There are related considerations about how arXiv workers will crack down on submissions with falsifications, plagiarism and nonsensical content material, mentioned Richardson. “Whereas we’d all wish to see loads much less bullshit, the identical considerations about scalability apply.”
The brand new coverage, nonetheless, additionally raised questions in regards to the evolving position of preprints inside scientific literature, he continued, noting that “arXiv is in a difficult state of affairs” provided that its acknowledged mission is “to share analysis papers and facilitate scientific discovery rapidly and freely” somewhat than test their high quality.
“Its assumed position within the data ecosystem is to host scientific works that haven’t undergone conventional gatekeeping procedures like formal peer overview and editorial acceptance for publication,” he defined.

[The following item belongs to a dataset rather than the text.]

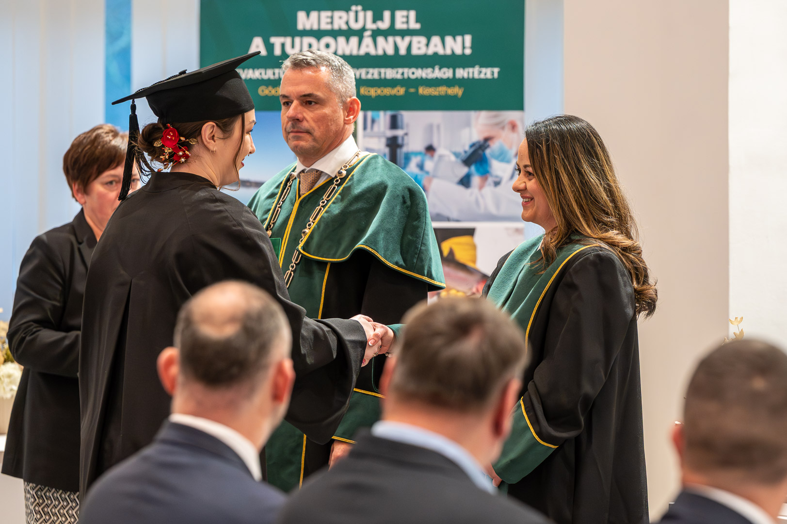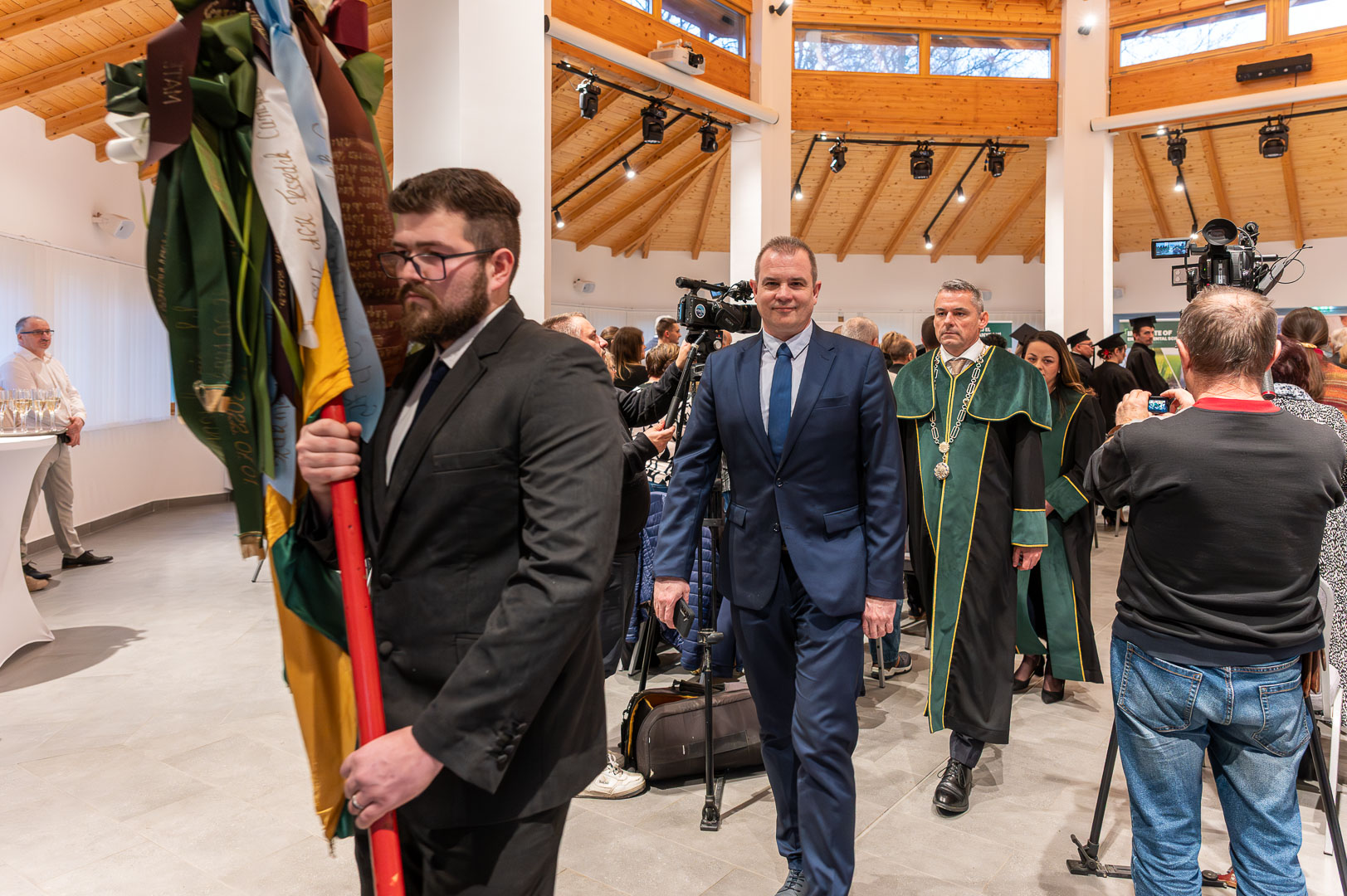A beszéd második felében az agrárium jövőbeli fontosságára hívta fel a figyelmet, rámutatva, hogy a vízhez, a talajhoz és az erőforrásokhoz való felelős viszony közös jövőnk alapja. Megköszöntte az oktatók lelkiismeretes munkáját és a családtagok támogató türelmét, amely elengedhetetlen volt a diplomáig vezető úton. Zárásként emlékeztette a végzetteket, hogy az Alma Mater kapui továbbra is nyitva állnak előttük, és visszavárják őket akár mesterképzésre, akár szakirányú továbbképzésekre, miközben sok sikert és jó egészséget kívánt szakmai pályafutásukhoz.

“Nonetheless, in sure fields corresponding to pc science or AI, arXiv is arguably displacing the position historically occupied by aggressive retailers like journals and conferences, such that having a whole paper on arXiv can itself be a status-conferring accomplishment,” he mentioned.
“Regardless of now being firmly of their fourth decade round, preprint platforms like arXiv stay an ongoing experiment in scholarly communication. As this experiment continues, how verification and gatekeeping ought to issue into this mission will stay the topic of appreciable debate,” mentioned Richardson.